Rationale: Hashimoto’s thyroiditis is a chronic inflammatory condition often associated with changes in appetite and body composition. Ghrelin is an orexigenic peptide involved in the regulation of appetite and food intake. A possible role of ghrelin in mediating inflammation has been suggested. A few contrasting published data are available on the relationship between thyroid status and circulating ghrelin in patients affected by Hashimoto’s thyroiditis. The aim of the present case-control study was to provide additional evidence on the relationship between thyroid status and plasma ghrelin levels in post-treatment euthyroid female patients with Hashimoto’s thyroiditis, compared to healthy controls.
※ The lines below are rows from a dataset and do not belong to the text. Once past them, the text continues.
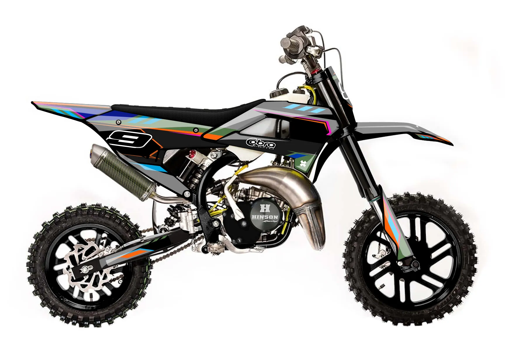 «cobra muti» — готовый комплект графики серии Maverick для Cobra MX Graphics Cobra CX 50 FWE 2021. В комплекте: графика на бак и боковые облицовки, крылья (переднее и заднее), передний щиток, номерные таблички, защита вилки. Материал: ПВХ-винил 80 мкр с холодной ламинацией 300 мкр, общая толщина 380 мкр; покрытие глянцевое или матовое на выбор. Устойчив к UV-излучению, воде, бензину и мойке высокого давления. Клей акриловый на сольвентной основе — постоянный, для гибких пластиков. На простых поверхностях монтируется без нагрева; для сложных изгибов рекомендуем фен. Этот пресет можно заказать как есть или взять за основу в конструкторе: поменять цвета, добавить стартовый номер и свой бренд. Производство — 3–5 рабочих дней, доставка по России СДЭКом или Почтой, по СНГ — курьерскими службами.
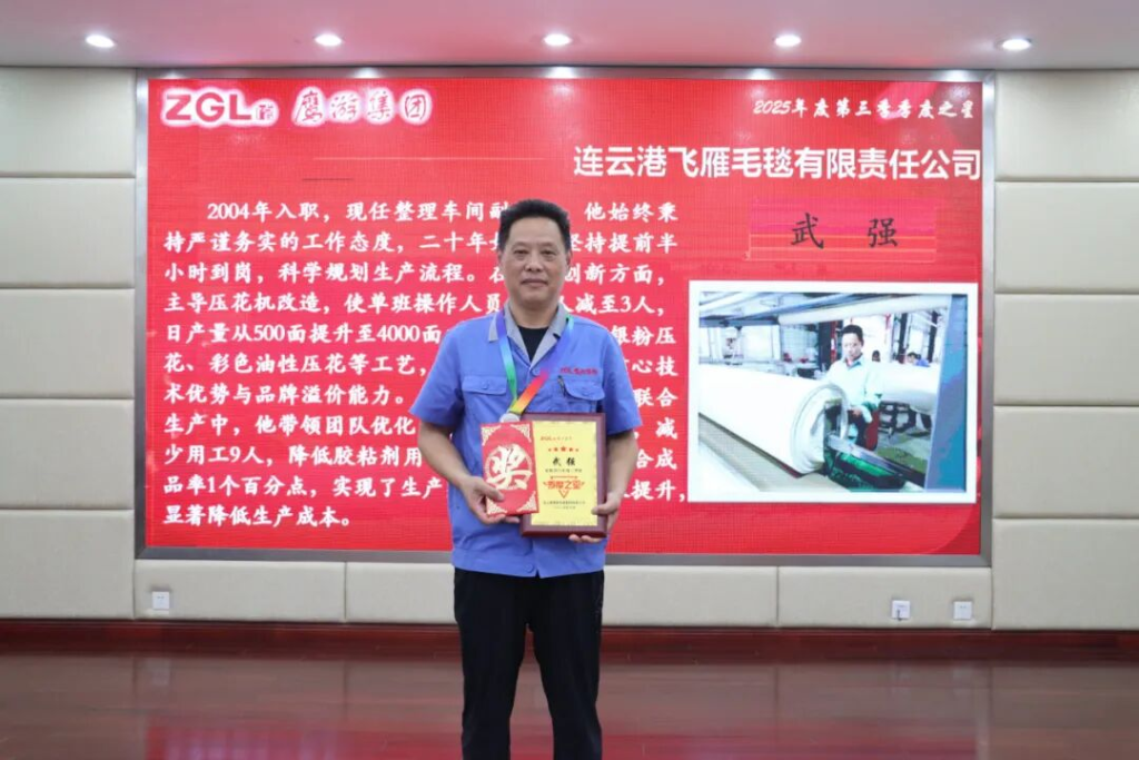 武強,自2004年加入飛雁毛毯公司以來,從基層新產品抬板壓花工逐步成長為整理車間副主任。他始終秉持嚴謹務實的工作態度,二十年如一日堅持提前半小時到崗,科學規劃生產流程。在技術創新方面,主導機器改造和工藝改革,有效提升了企業核心技術優勢與品牌溢價能力,實現了生產效率與產品質量雙提升,顯著降低生產成本。為此榮獲先進工作者、技術管理創新之星、科學技術進步獎等多項榮譽。
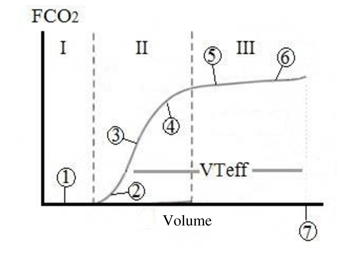 Phase I characterizes CO2 of the anatomical dead space, that is, the gas of the upper airways which contains little amount of CO2 (usually compared to zero) and is used in resuscitation practice to calculate the dead space of the breathing system [11].
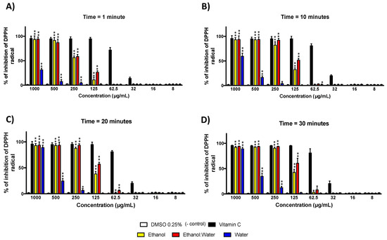 DPPH radical inhibition of three LT extracts at different concentrations (1000 μg/mL–8 μg/mL and at four time points: (A) time = 1 min, (B) time = 10 min, (C) time = 20 min and (D) time = 30 min. The concentration of the DPPH radical was 100 μM. The absorbance was measured at 517 nm. Each bar represents the average of three replicates and the error bars represent the standard deviation. The asterisks indicate a significant difference between the treatment and negative control (* p < 0.05 and ** p < 0.001).

Methods: 25 women [age 46.6±10.6 years; Body Mass Index 26.3±3.8 kg/m²] affected by overt hypothyroidism due to Hashimoto’s thyroiditis were studied after thyroid hormones and body weight were already normalized for at least 2 months following L-thyroxine replacement. 25 healthy women (age 40.2±6.4 years; Body Mass Index 26.2±4.0 kg/m²) served as the control group. Blood levels of thyroid hormones, thyroid peroxidase antibodies, thyroglobulin antibodies and ghrelin were determined. Fat mass, fat-free mass and high-density lipoprotein cholesterol were also assessed.

Results: Circulating ghrelin levels were significantly higher in patients vs. control subjects (p<0.001). No differences were found in metabolic parameters (body mass index, fat mass, fat-free mass, high-density lipoprotein cholesterol) between groups.

Conclusion: The present study provides additional evidence of hyperghrelinemia status in post-treatment euthyroid patients affected by Hashimoto’s thyroiditis.